> _DIRECTIONS_
Reproduce the entries shown below only from the line with "The official Metallica" down to the line with "Žáci II. oddělení", keeping both end lines and copying each one exactly.
BEGIN GIVEN ENTRIES
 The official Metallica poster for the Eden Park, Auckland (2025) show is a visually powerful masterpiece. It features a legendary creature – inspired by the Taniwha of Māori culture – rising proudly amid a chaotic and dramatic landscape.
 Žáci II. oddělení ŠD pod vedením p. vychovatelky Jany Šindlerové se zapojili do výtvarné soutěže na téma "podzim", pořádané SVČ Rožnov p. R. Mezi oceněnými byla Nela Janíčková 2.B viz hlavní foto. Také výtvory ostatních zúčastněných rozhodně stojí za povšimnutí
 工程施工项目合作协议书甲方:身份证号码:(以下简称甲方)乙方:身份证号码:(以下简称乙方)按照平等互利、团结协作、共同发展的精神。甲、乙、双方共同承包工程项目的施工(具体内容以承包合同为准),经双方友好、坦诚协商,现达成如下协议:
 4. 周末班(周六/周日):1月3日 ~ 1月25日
END GIVEN ENTRIES
BEGIN GIVEN ENTRIES
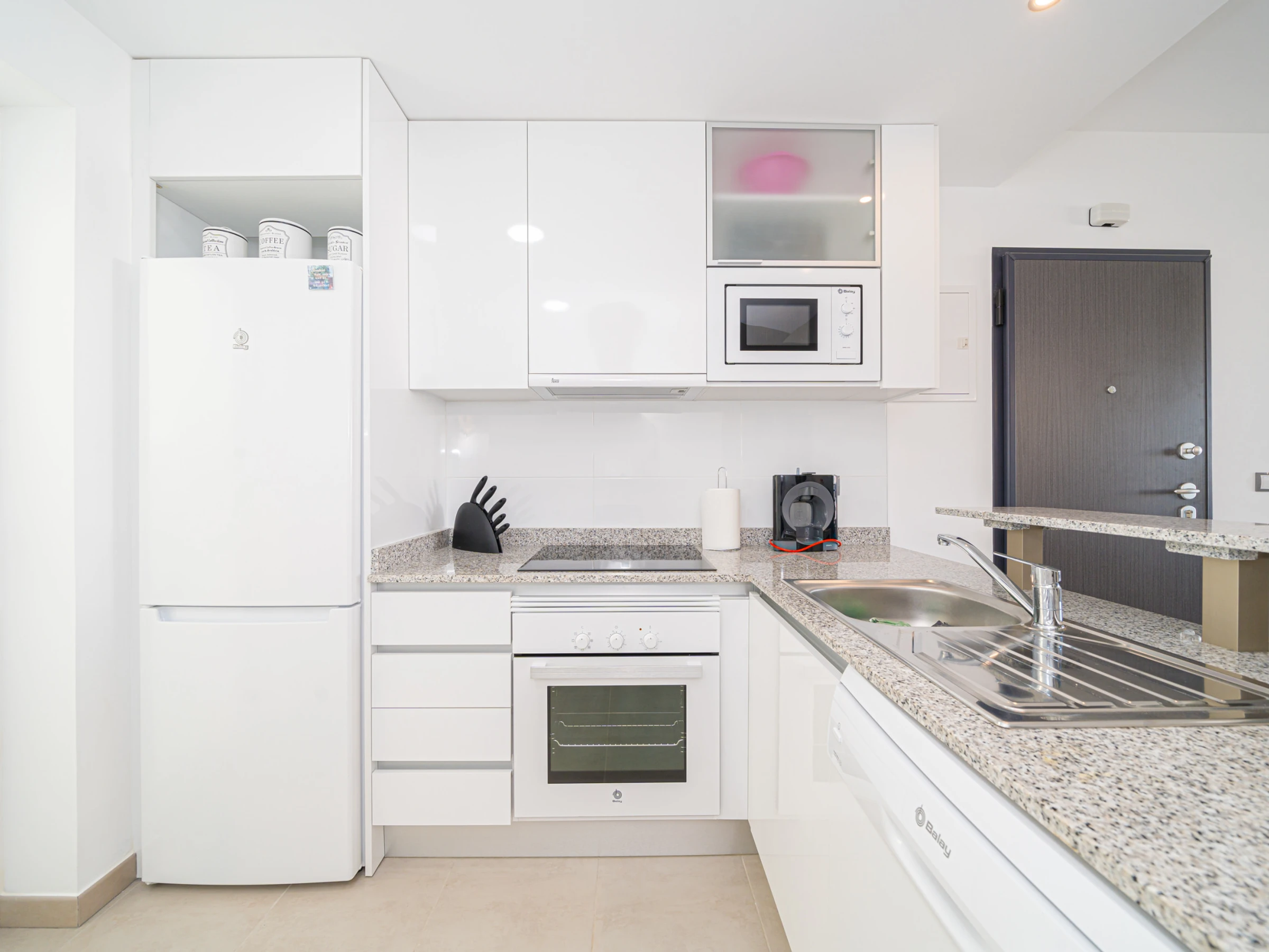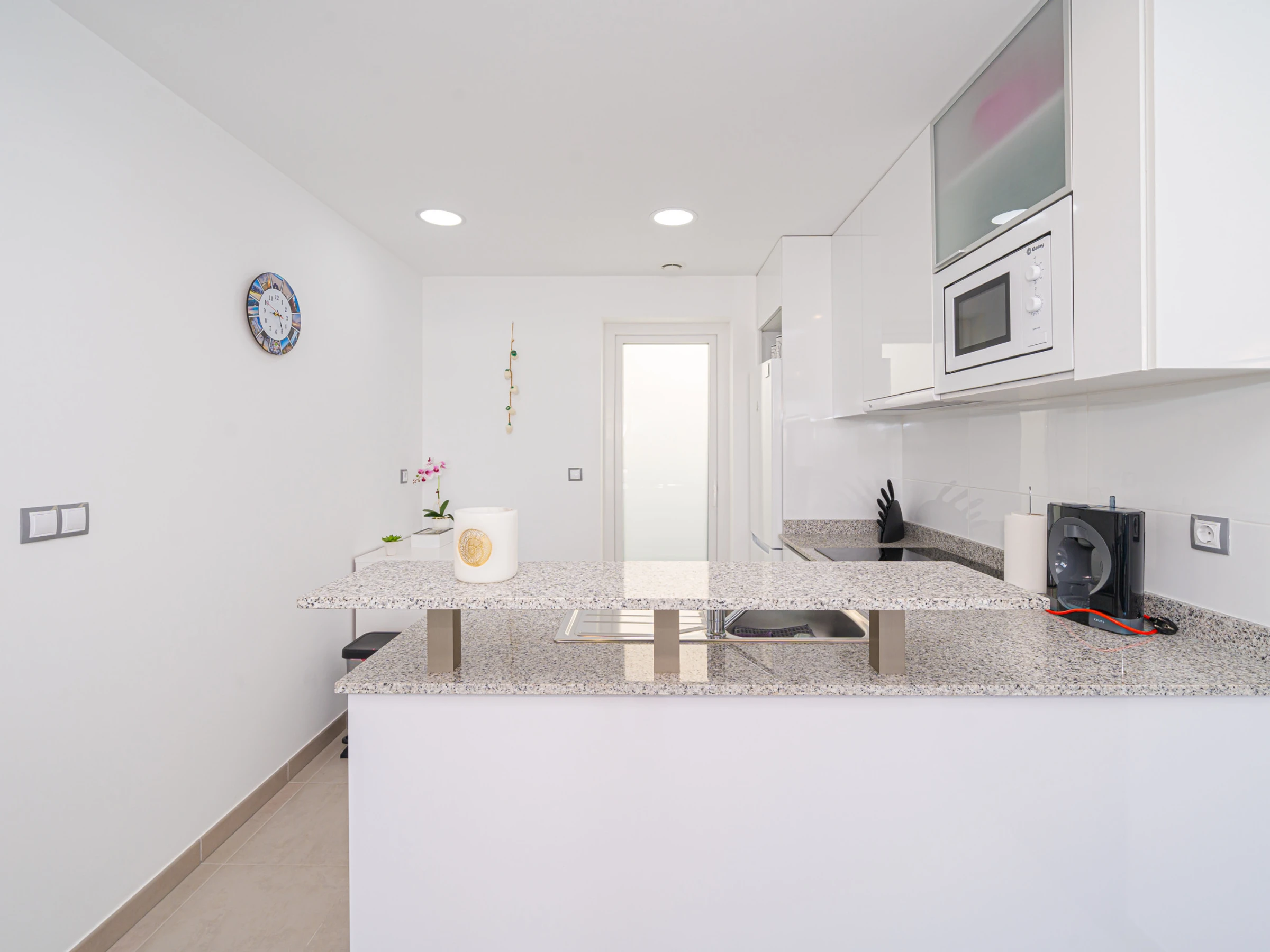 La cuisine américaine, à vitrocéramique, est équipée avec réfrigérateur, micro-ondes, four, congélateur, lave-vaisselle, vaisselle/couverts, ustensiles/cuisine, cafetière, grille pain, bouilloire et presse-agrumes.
END GIVEN ENTRIES
> _RESPONSE AREA_
 The official Metallica poster for the Eden Park, Auckland (2025) show is a visually powerful masterpiece. It features a legendary creature – inspired by the Taniwha of Māori culture – rising proudly amid a chaotic and dramatic landscape.
 Žáci II. oddělení ŠD pod vedením p. vychovatelky Jany Šindlerové se zapojili do výtvarné soutěže na téma "podzim", pořádané SVČ Rožnov p. R. Mezi oceněnými byla Nela Janíčková 2.B viz hlavní foto. Také výtvory ostatních zúčastněných rozhodně stojí za povšimnutí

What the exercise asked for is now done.